Thursday , November 7 2024

Tunisia fishermen turn life-savers in the Med

Tunisian fishermen are pulling in stranded migrants after a drop in humanitarian and European naval patrols along the stretch of water between war-wracked Libya and Italy

Zarzis, Tunisia | AFP | The Tunisian trawler radioed in for help as it passed the migrant boat in distress out at sea. But with the packed craft still adrift two days later, captain Chamseddine Bourassine took direct action.

Fishermen from the North African country are spending more and more time pulling in stranded migrants after a sharp decline in humanitarian and European naval patrols along the stretch of water between war-wracked Libya and Italy.

Bourassine, his crew and three other fishing boats ferried the 69 migrants back to shore on May 11, five days after their boat pushed off from Zuwara on the western Libyan coast.

“The area where we fish is a crossing point” between Zuwara and the Italian island of Lampedusa, said Badreddine Mecherek, a Tunisian fisherman from Zarzis near the border with Libya.
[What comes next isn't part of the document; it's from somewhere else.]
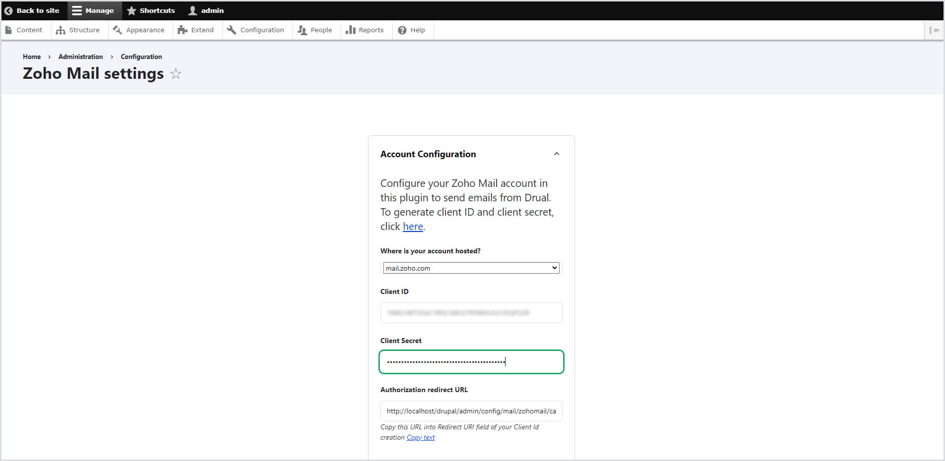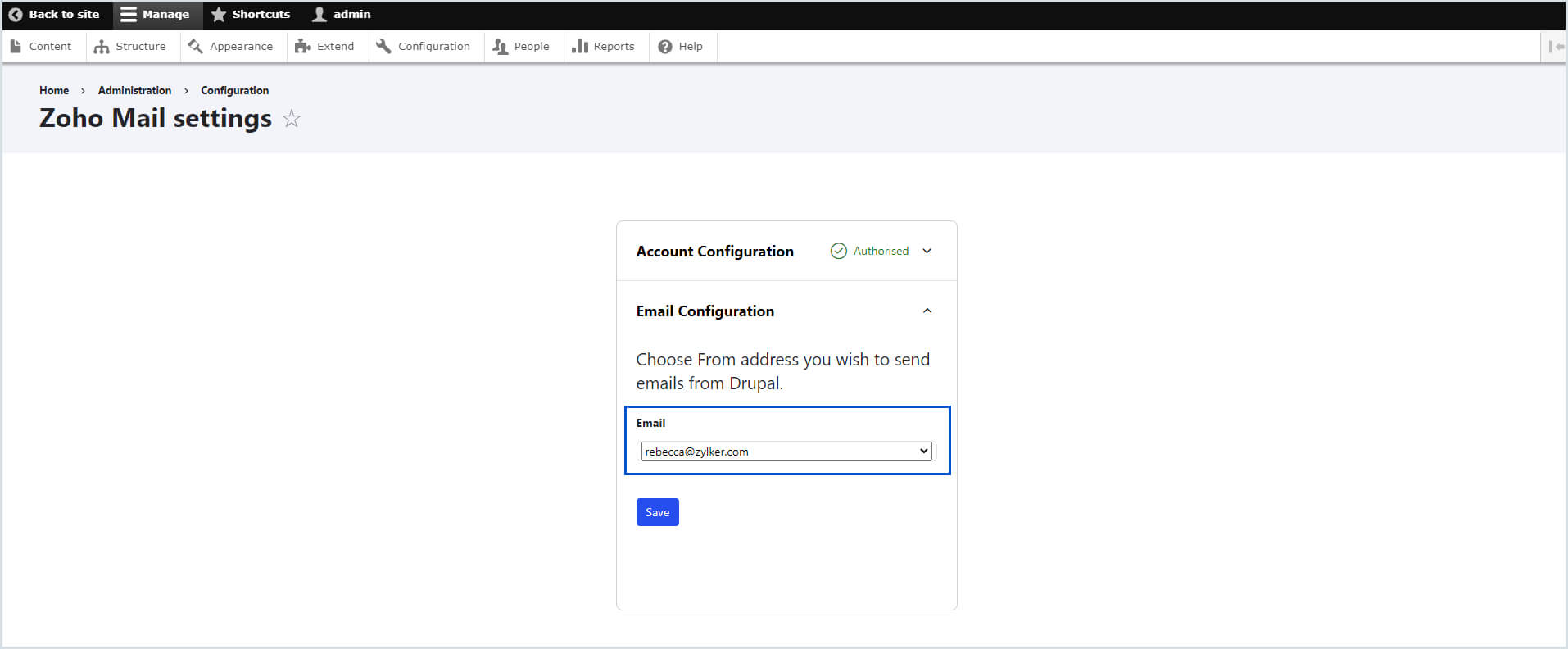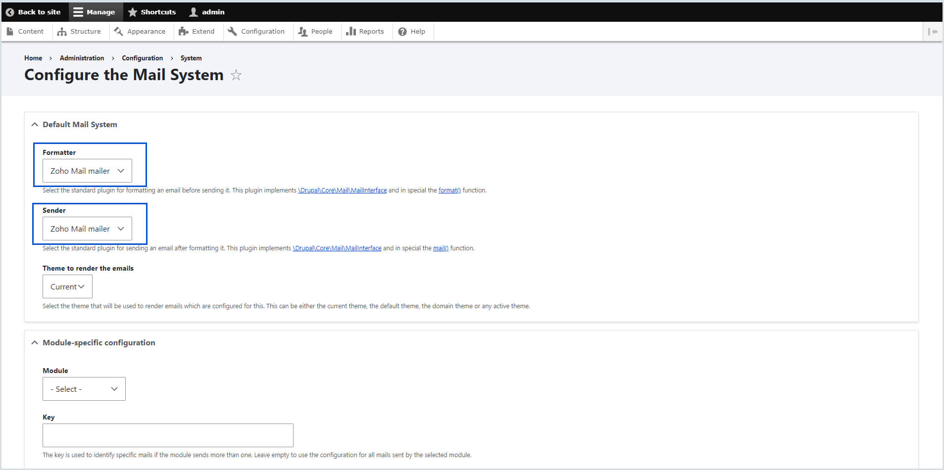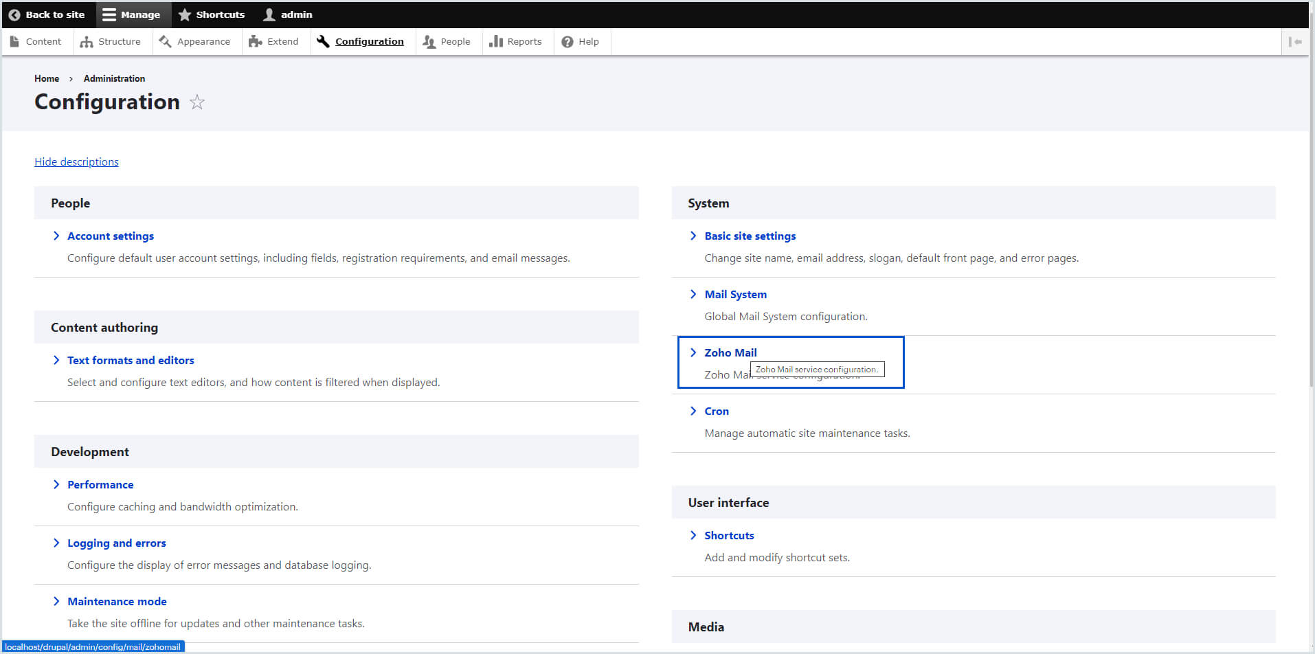 10. Navigate to the Zoho Mail configuration page in Drupal CMS Admin Account.

Fisherman from Zarzis have saved the lives of hundreds of migrants in recent years, and as the number of boats leaving western Libya for Europe spikes with the return of calmer summer seas, they will probably have to save even more.

“First we warn the authorities, but in the end we end up saving them ourselves,” Mecherek grumbled as he tinkered with his rusting sardine boat.

European countries in the northern Mediterranean are trying to stem the number of migrants landing on their shores, and the Tunisian navy with its limited resources only rescues boats inside the country’s territorial waters.

Since May 31, Tunisia itself has barred 75 migrants from coming ashore after they were saved in international waters by a Tunisian-Egyptian tug boat.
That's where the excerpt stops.